The collector layer scales horizontally because it is stateless. Add instances behind the load balancer freely — no session affinity required. Uniqueness is enforced by the backing store’s UNIQUE constraint on receipt id; a duplicate receipt arriving at any instance returns 409 Conflict, which the SDK treats as a successful delivery.

For SQLite, horizontal write scaling is limited by the file lock — multiple writers on the same SQLite file are serialised. If you need multiple concurrent writers, use Postgres when it lands.

Append-only and durability

“Append-only” means receipts are never modified or deleted after insertion. Operationally this means:

Backups are straightforward. The store only grows. A backup taken at any point in time is a valid and complete snapshot of everything received up to that moment. You do not need to coordinate backups with the collector process (SQLite’s WAL mode allows hot backups without locking out writers).
Immutability flags. For regulated workloads, pair append-only semantics with storage-level immutability — object lock on S3, WORM volumes, or a Postgres row-level security policy that prevents DELETE. The protocol’s tamper-evidence (hash chains) detects post-hoc alteration, but storage-level immutability prevents deletion of entire sessions from going undetected. See ADR-0019 §O2 / issue #484 for the store-completeness rationale.
Retention. The collector has no built-in retention policy. Implement retention at the storage layer: S3 lifecycle rules, filesystem rotation with archival, or — with care and documentation — a Postgres cleanup job as a deliberate exception to the append-only rule.

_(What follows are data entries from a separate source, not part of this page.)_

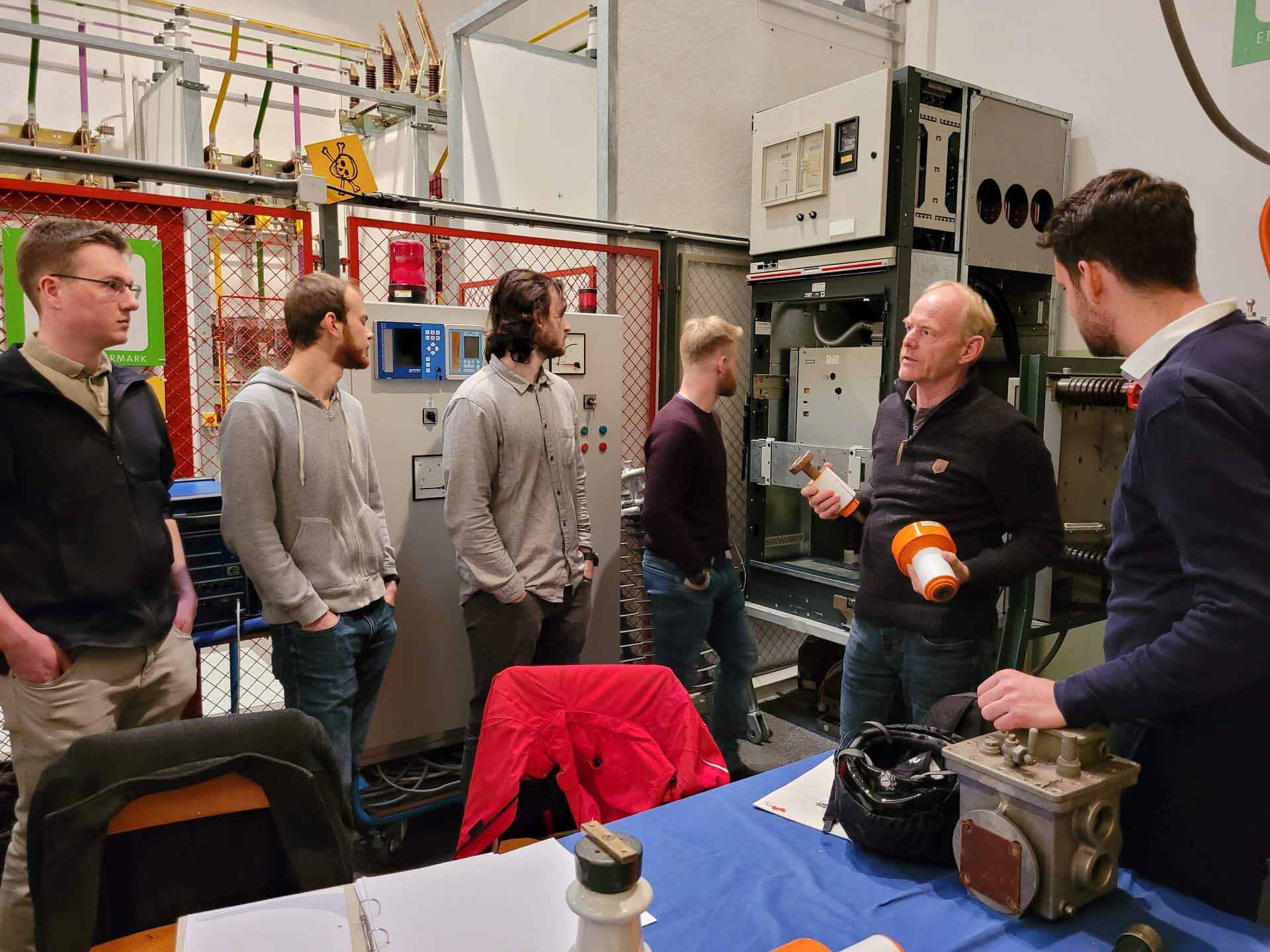 Der erste Teil des Hochspannungsschaltkurses fand an der HTL Bulme statt. Nach einem theoretischen Teil und einer Sicherheitseinschulung führten die Teilnehmer Hochspannungsschaltungen an einer 20-kV Schaltanlage durch. Begleitet wurde die Praxiseinheit von Prof. Wilfried Weigend (HTL Bulme).
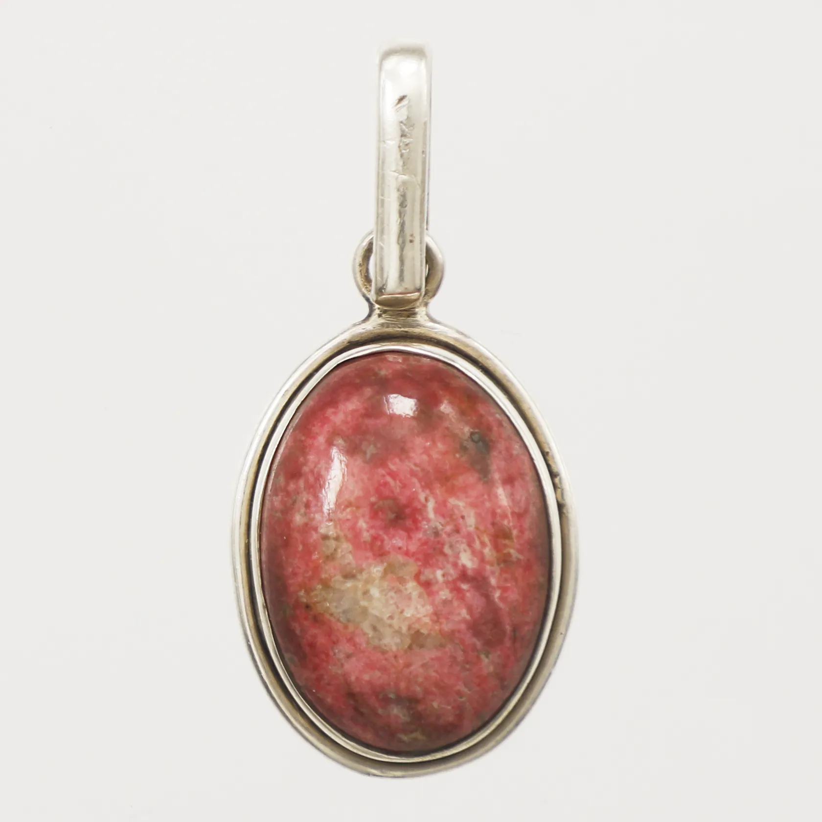 Hänge med rodonit, längd 33mm inkl ögla, bredd 15mm, 925/1000 silver Vikt: 4 g.
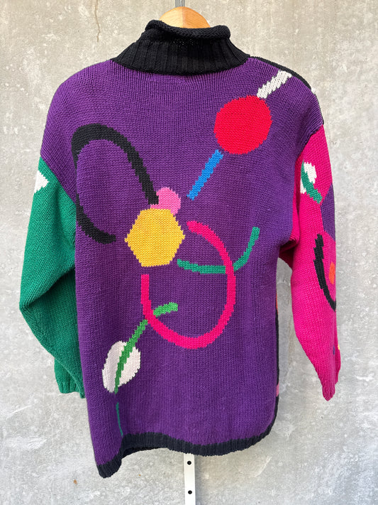 1980s Pink Knitted Floral Sweater w/ Pearls
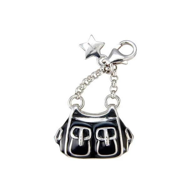 A fun Tingle black enamel handbag charm with a free-moving chain strap. Measures 19 x 13mm, sterling silver throughout and finished with a secure karab clasp. Start a Tingle charm collection by adding your Tingle charms to any charm bracelet, keyring, necklace, phone or handbag.

Idempotency and safe retry

Receipt id values are URNs of the form urn:receipt:<uuid-v4> (a UUID v4 in a urn:receipt: namespace), generated by the SDK before delivery. The store’s unique constraint on the full id string means:

Delivering the same receipt twice returns 201 on the first attempt and 409 on subsequent ones. The SDK treats 409 as success.
This makes retries safe. You do not need exactly-once delivery guarantees between the SDK and the collector — at-least-once is sufficient.
Load balancers can freely retry failed requests without risk of duplicate data.

Observability

Health check

GET /healthz
→ 200  store is reachable
→ 503  store is unreachable (database connection lost)

Wire /healthz to your load balancer’s health check. An instance that returns 503 should be taken out of rotation — it will reject all writes until the store comes back.

/healthz probes store reachability only — it runs a read-only presence lookup (a SELECT against the store) and never attempts a write. A 200 therefore confirms the store is reachable, not that writes will succeed. A full disk, for example, can still satisfy the read probe while insert operations fail — the health check returns 200 while POST /receipts begins returning 500. Monitor 5xx rates on the ingest path as a separate write-safety signal.

Structured logging

The collector emits structured JSON logs (log/slog) to stdout. Each record carries the standard slog level, time, and msg fields. The id field is best-effort, present only when available: the accept path, the duplicate (409) path, and the structural-validation and insert-failure paths attach it (and the accept path also adds chain_id and sequence), but the early-rejection paths that fail before a receipt id can be decoded do not. The collector does not emit an HTTP status field — derive status-code signals from the msg value (or from your proxy’s access logs, see Metrics).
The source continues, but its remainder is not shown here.